◆ Exercise goal:
Nothing except the pictures should be left out when you reproduce the listing exactly.

◆ Data below:
_ _ _ _

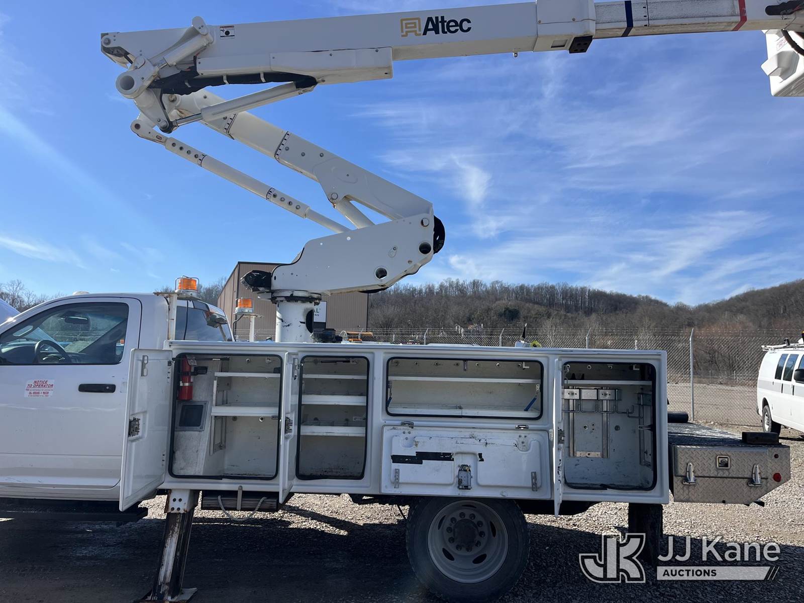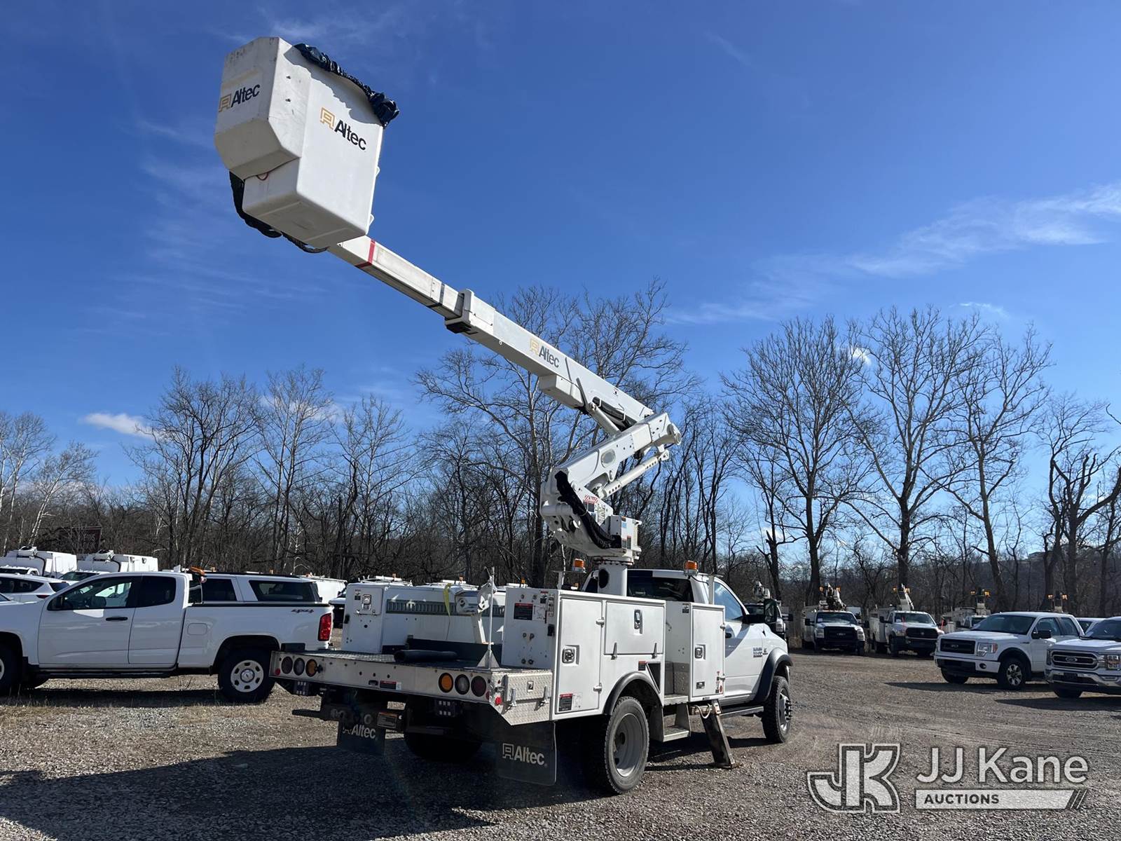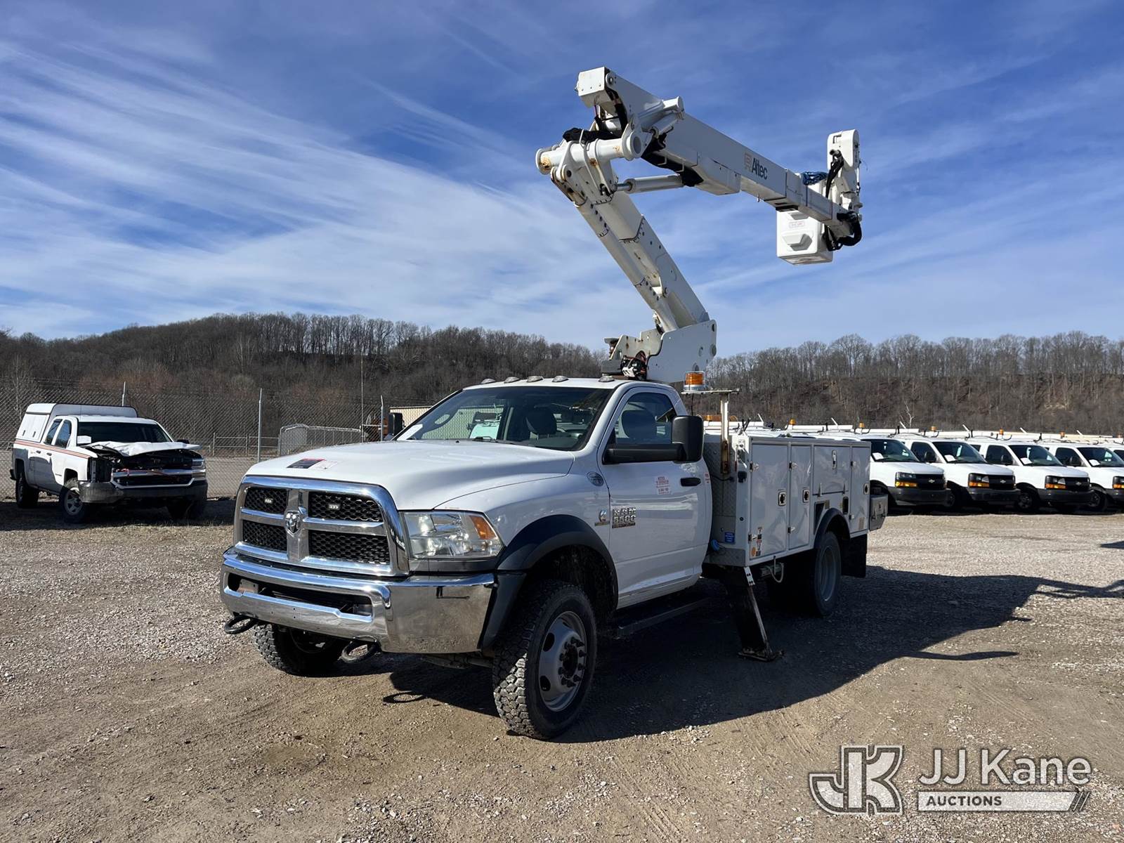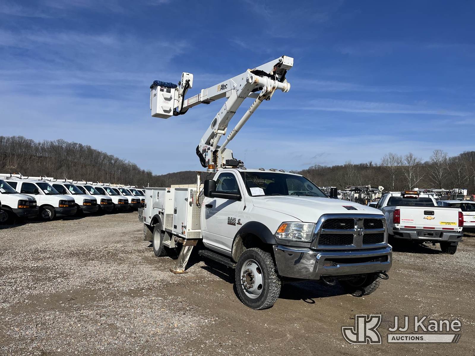 Altec AT41M, 46 ft, Articulating & Telescopic Material Handling Bucket Truck s/n 1018GH1332, with single-man bucket & 2 hyd outriggers, mounted behind cab on 2018 RAM 5500 4x4 Service Truck, 6.7L L6 Turbo Diesel Auto, A/C, (59,349 miles) (Runs, Moves & Operates, Low Fuel, Body Damage) (Reads 371 hours) This is a Titled Item NOTE: This unit is being sold AS IS/WHERE IS via Timed Auction and is located in Smock, PA. For pre-sale questions, please contact Alaina White @ 724-562-2575 or Alaina.White@JJKane.com. JJ Kane Smock, PA yard is open for inspection on the Friday and Monday before the sale date from 8:00 am to 3:00 pm. REMOVAL: All items must be removed by 10 calendar days after the sale, Monday - Friday (Excluding Holidays). (Manuals provided in cab) (Buyer is responsible for removal. Assistance by consignor or JJ Kane Auctions is not assured.)
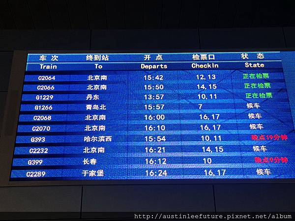 這些 G 與 C 開頭的都是高鐵,還是會有誤點的情形,因為前一天才降下中國北方的 2015年第一場大雪,不只鐵路交通大亂,連航空交通也是亂糟糟
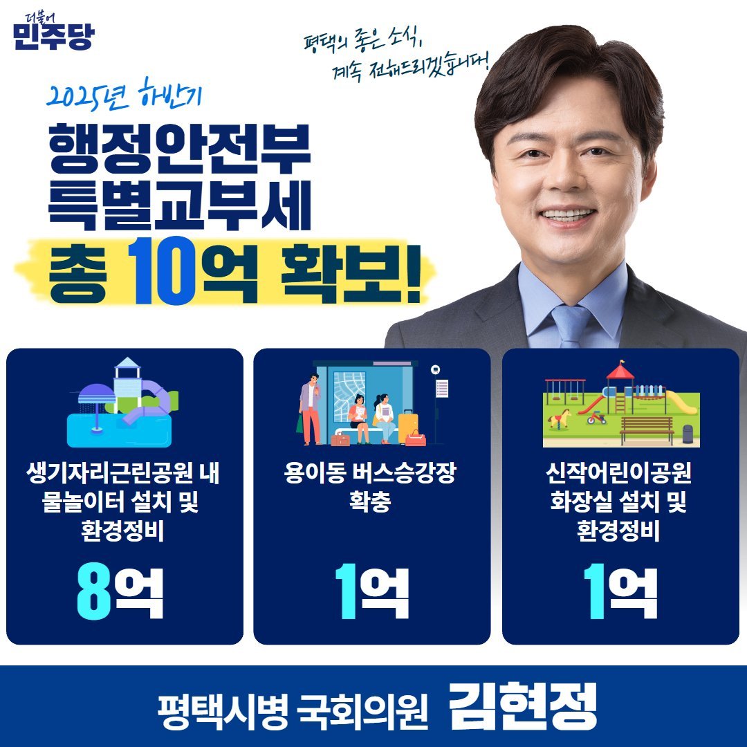 김현정 의원은 “이번 행정안전부 특별교부세 확보는 주민 불편 해소와 생활환경 개선이 시급한 현안을 중심으로 관계 부처와 지속적으로 협의한 결과”라며, “공원·교통·어린이 이용시설 등 주민 생활과 직결된 분야에 예산을 집중해 체감도 높은 변화를 만들어 가겠다”고 강조했다.

_ _ _ _

◆ Completed exercise:
 Altec AT41M, 46 ft, Articulating & Telescopic Material Handling Bucket Truck s/n 1018GH1332, with single-man bucket & 2 hyd outriggers, mounted behind cab on 2018 RAM 5500 4x4 Service Truck, 6.7L L6 Turbo Diesel Auto, A/C, (59,349 miles) (Runs, Moves & Operates, Low Fuel, Body Damage) (Reads 371 hours) This is a Titled Item NOTE: This unit is being sold AS IS/WHERE IS via Timed Auction and is located in Smock, PA. For pre-sale questions, please contact Alaina White @ 724-562-2575 or Alaina.White@JJKane.com. JJ Kane Smock, PA yard is open for inspection on the Friday and Monday before the sale date from 8:00 am to 3:00 pm. REMOVAL: All items must be removed by 10 calendar days after the sale, Monday - Friday (Excluding Holidays). (Manuals provided in cab) (Buyer is responsible for removal. Assistance by consignor or JJ Kane Auctions is not assured.)
 這些 G 與 C 開頭的都是高鐵,還是會有誤點的情形,因為前一天才降下中國北方的 2015年第一場大雪,不只鐵路交通大亂,連航空交通也是亂糟糟
 김현정 의원은 “이번 행정안전부 특별교부세 확보는 주민 불편 해소와 생활환경 개선이 시급한 현안을 중심으로 관계 부처와 지속적으로 협의한 결과”라며, “공원·교통·어린이 이용시설 등 주민 생활과 직결된 분야에 예산을 집중해 체감도 높은 변화를 만들어 가겠다”고 강조했다.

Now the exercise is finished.